First, SOLOMON VS. LORD is good fun. “On the window ledge, the buzzard hopped a step, spread its wings, tucked hem in again. Smart birds, the scavengers winter in Miami, feasting on discarded burgers, media noches, and the occasional drug dealer stuffed into a garbage bag. They fly endless circles over the downtown courthouse, roosting on the ledges of the high-rise law firms, providing the source of endless lawyer jokes.” (348) Solomon’s laws of lawyering are also neat.

The plot twist in the murder trial of Katrina Barksdale is unforeshadowed but believable. The custody hearing ends as it should.

Both Solomon and Lord are attractive characters, easy to like. Solomon is realistic: “Steve preferred to defend the truly innocent, but where would h find hem? If people didn’t lie, cheat, and steal, he figured he’d be starving instead of clearing about the same as a longshoreman at the Port of Miami who worked overtime and stole an occasional crate of whiskey. Steve usually settled for what he called ‘honest criminals,’ felons who ran afoul of technicalities that would not be illegal in a live-and-let-live society. Bookies, hookers, or entrepreneurs like today’s client, Amancio Pedrosa, who imported exotic animals with a blithe disregard of the law.” (8) Lord’s uncertain about working with him: “Sure, Solomon had all that experience. But he was so aggressive, so reckless, he would lead hem into untold disasters. She was still furious at him for stealing her client, but she had vowed to put up with him. She needed his case to get on her feet, start building her practice. As far as learning trial tactics from Solomon, she’d study his every move, then do the exact opposite.” (150)

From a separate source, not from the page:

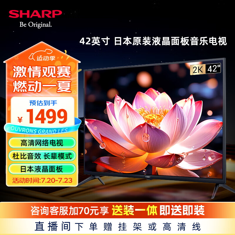 SHARP夏普2T-C42A7DA 42英寸 日本原装液晶面板 1+8G 杜比音效 智能UI系统 平板电视价格:1499.00元!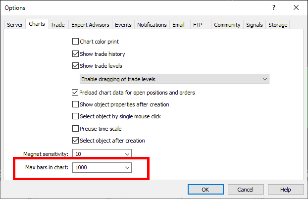 Important: It is strongly advised to put in MT4/5 >> Tools >> Options >> Chart >> Max Bars in Chart >> 1000 or a similar low number, because when Matrix Arrow Indicator MT4/5 is attached on a chart, calculates all 10 indicator's attributes over this number of bars/candles and if you have a large number there, like many thousands or millions, it will take more time to update each time and may make your MT4/5 terminal freeze on a slow computer.

Levine’s also good at blending humor in with sense of place and characterization. “Pincer billed himself as a crime fighter, and his campaign billboards pictured him bare-chested, wearing boxing gloves, a reminder of his days as a teenage middleweight in the Liberty City Police Athletic League. He’d won the championship two years running, once with a head butt, and once with a bolo punch to the groin, both overlooked by the referee, who by serendipitous coincidence was his uncle. Boxing had been excellent preparation for Florida politics, where both nepotism and hitting below the belt were prized assets.” (16-7)

SOLOMON VS. LORD is a lively summertime read. (A-)
 
Donnie Eicharr wrote DEAD MOUNTAIN: THE UNTOLD TRUE STORY OF THE DYATLOV PASS INCIDENT with J. C. Gabel and Nora Jacobs. It was published in 2013. It is available in both print and e-book formats. I read it in print format for superior reproduction of maps and photographs.

To summarize the incident, the book jacket says: “In February 1959, a group of nine experienced hikers in the Russian Ural Mountains die mysteriously on an elevation known as Dead Mountain. Eerie aspects of the incident--unexplained injuries, signs the hikers cut open and fled their tent without proper clothing or shoes, a strange final photograph taken by one of them, and radiation readings on some of their clothes--have led to decades of speculation over what really happened.”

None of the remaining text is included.